We believe that legislation should be focused-giving to promote economic auto production in Mexico, as in the time it was the original decree of the automotive industry, taking into account the new circumstances. Luxury units will be manufactured in any case in the country for the quality of our workforce.
The consolidation of large economic blocs (Asia, Europe and America) will generate non-tariff barriers including tariff and exchange rate.
By 2012, according to Global Insights, will produce more than 80 million cars, the total emerging countries will be producing 47%, ie 10% more than today. Emerging markets represent 89% of growth; nations like China and India are large producers of small cars, mainly for its own market.
There is a great opportunity for national automotive legislation takes into account these changes to strengthen the manufacturing sector popular car in Mexico.
CONSOLIDATING THE ADVANTAGE
While the global automotive industry will grow at an average annual rate of 3% over the next six years, this growth is in emerging countries, for this reason it is important to strengthen the capacity of our country in the field of popular cars in the coming years if we keep a significant share in the markets of our region.
In the global automotive industry is taking a new configuration in the light of new competitors and new markets in the sector. Basically, the entry of India and China, with its own designs and with growth of double-digit domestic market, and Brazil, Mexico and Russia partners with major industry leaders with the ability to supply domestic demand and regional markets, which demand products different.
Recently, President Felipe Calderon stated that Mexico has decided to make the “new country the car”, the best investment destination in the world for the automotive industry. This, at the opening ceremony for the building of a new Chrysler plant in Saltillo, Coahuila., With an investment of 550 million dollars, according to company information.
In the case of Mexico, is seen as a favorable environment priorities are cen-tered in: Security, tourism, infrastructure and job creation.

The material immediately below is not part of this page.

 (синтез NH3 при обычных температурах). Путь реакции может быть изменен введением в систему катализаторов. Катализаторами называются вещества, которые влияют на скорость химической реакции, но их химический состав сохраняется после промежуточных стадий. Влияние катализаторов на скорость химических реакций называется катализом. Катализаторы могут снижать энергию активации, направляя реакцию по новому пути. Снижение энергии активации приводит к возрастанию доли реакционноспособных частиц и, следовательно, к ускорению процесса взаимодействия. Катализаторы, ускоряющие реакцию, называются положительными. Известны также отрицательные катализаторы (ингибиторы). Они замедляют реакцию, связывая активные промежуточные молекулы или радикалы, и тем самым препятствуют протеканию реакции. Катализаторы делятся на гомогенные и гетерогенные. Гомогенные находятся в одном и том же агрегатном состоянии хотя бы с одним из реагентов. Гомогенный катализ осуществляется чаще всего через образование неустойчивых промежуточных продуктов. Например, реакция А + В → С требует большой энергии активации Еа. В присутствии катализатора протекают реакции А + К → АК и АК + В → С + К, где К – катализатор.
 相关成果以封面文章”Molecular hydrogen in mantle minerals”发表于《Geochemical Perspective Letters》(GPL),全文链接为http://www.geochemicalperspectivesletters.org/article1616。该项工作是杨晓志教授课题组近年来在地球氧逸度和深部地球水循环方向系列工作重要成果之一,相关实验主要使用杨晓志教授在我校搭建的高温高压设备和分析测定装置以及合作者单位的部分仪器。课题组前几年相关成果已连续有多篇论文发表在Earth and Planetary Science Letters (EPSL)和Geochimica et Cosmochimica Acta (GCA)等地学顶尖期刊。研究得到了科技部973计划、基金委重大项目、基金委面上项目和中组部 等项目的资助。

The number of cars sold in the country in 2005, has been 1.132 million new cars, according to the Mexican Association of Automotive Industry (AMIA), of which 60% are compact and subcompact. However, the report said, sales of subcompacts, and September 2006, has fallen 12.3% and 7.8% minivan, the above due to consumer preference for SUVs and Crossover.
The cheaper cars are the Chevy, Atos, Matiz, Ford Ka and Pointer, with prices ranging between 78,000 and 110,000 pesos per unit. This leaves a gap in the market for which China and India are developing a product. India being very aggressive to set a price target of $ 2,500.

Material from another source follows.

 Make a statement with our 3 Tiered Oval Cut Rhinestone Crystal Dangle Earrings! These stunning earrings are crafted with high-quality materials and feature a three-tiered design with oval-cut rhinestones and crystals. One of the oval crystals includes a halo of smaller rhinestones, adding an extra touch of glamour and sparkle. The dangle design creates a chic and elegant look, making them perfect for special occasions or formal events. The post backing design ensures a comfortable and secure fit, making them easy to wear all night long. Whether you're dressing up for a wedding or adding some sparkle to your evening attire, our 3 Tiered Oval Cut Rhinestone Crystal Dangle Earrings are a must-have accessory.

In Mexico, this is a neglected, in part, satisfied with the importation of used cars, since they have an average cost less than $ 2,000. According to Melgar and Associates vehicle fleet of cars illegal in our country, amounted to 4, 476.000 from 1972 to 2006, which have been regularized in the same period, 990.867 units.
It also reveals an important opportunity in cars with public money of about 50,000 pesos, in cash transactions on credit, since there is no offer on the popular sector, this being a forgotten segment of big business.
The major threat in low-income sectors is fully open the market of used cars from the United States (U.S.) from 2009, with the side effects that this implies in terms of job creation, pollution, taxes and others.
To counter these effects, the country’s industrial policy must be adequate to promote the growth of popular car sector, through manufacturing technologies low-cost, labor-intensive along the production chain and logistics, creating value for the country.